Legault ignorait que Jolin-Barrette avait soumis le nom d’un ami à la magistrature
Le premier ministre nie toute apparence de conflit d’intérêts et assure que les règles en vigueur sont suffisantes
Le premier ministre François Legault a déclaré vendredi qu’il ignorait les liens d’amitié unissant son ministre de la Justice, Simon Jolin-Barrette, et un aspirant juge quand sa nomination a été entérinée par le Conseil des ministres.
M. Legault a commenté la publication d’un reportage du quotidien Le Soleil révélant que Charles-Olivier Gosselin, nommé le 3 mai à un poste de juge à la Cour du Québec, est un ami personnel du ministre. « Je ne le savais pas, je l’ai su dans le journal ce matin », a-t-il dit en marge d’une visite dans une installation de culture de tulipes.
Le premier ministre a affirmé qu’aucune règle n’empêche un ministre de proposer la candidature d’un ami. Il a d’ailleurs affirmé qu’il ne s’informe pas de liens personnels dans les nominations soumises par ses ministres. « Il y a beaucoup de nominations qui sont adoptées par le Conseil des ministres et la seule question que je pose, c’est si les règles ont été suivies », a précisé M. Legault, en disant également ignorer si M. Jolin-Barrette a nommé d’autres amis à la magistrature.

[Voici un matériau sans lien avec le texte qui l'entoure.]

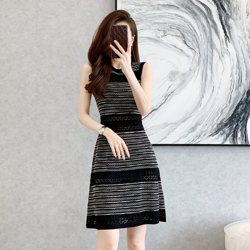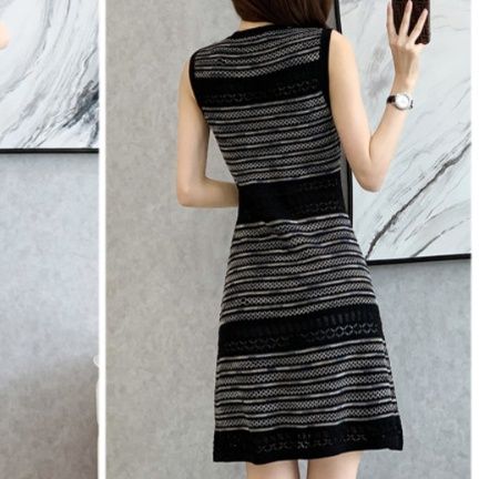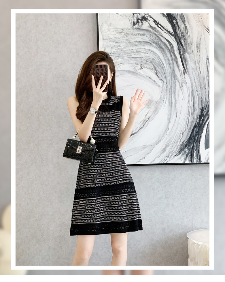 上品なノースリーブデザインで、すっきりとした縦ラインを演出します。

Le premier ministre s’est porté à la défense du processus en vigueur pour écarter toute apparence de conflit d’intérêts. « Comment peut-on parler d’un conflit d’intérêts à partir du moment où les personnes sont choisies par un comité indépendant ? »

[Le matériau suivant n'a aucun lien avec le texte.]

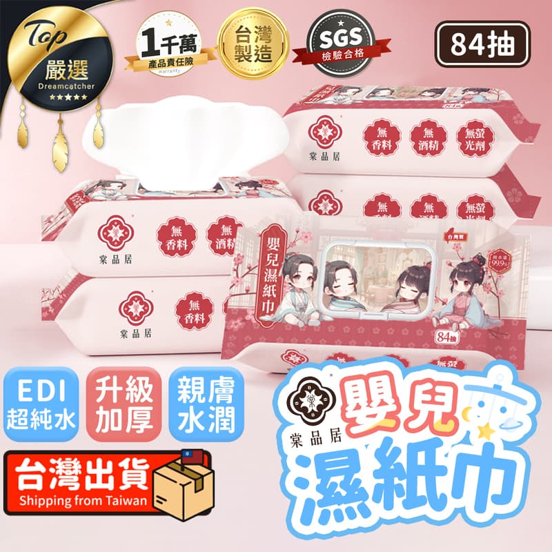 【EDI超純水】棠品居 嬰兒濕紙巾 84抽 無酒精 純水濕巾 寶寶柔濕巾 擦臉巾 新生兒可用|TNHF22

M. Legault a fait valoir qu’un comité indépendant fait une, deux ou trois propositions au ministre de la Justice, qui décide ensuite quel nom sera soumis au Conseil des ministres, étape finale du processus de nomination à la magistrature.
La saga des Post-it
Le premier ministre a fait référence aux changements apportés à la suite de la commission Bastarache, mandatée en 2010 en raison d’une controverse sur les liens entre le Parti libéral du Québec et la nomination de magistrats par le gouvernement Charest. « Avant, on sait comment ça marchait, il y avait un Post-it et on disait “cette personne est sympathisante de tel parti, on devrait la nommer”. Ça ne marche plus de même. Il y a un comité indépendant qui fait le tri, qui rencontre les différents candidats et un maximum de trois noms est soumis. »
M. Legault a défendu la compétence du nouveau magistrat, qui a étudié le droit avec M. Jolin-Barrette. « On ne peut pas dire que parce que cette personne est connue du ministre […] elle ne doit pas être nommée », a-t-il expliqué.
Selon le premier ministre, les règles en vigueur actuellement sont suffisantes pour préserver les nominations des juges de toute apparence de conflit d’intérêts. « Je pense que les règles sont suffisantes depuis la commission Bastarache. »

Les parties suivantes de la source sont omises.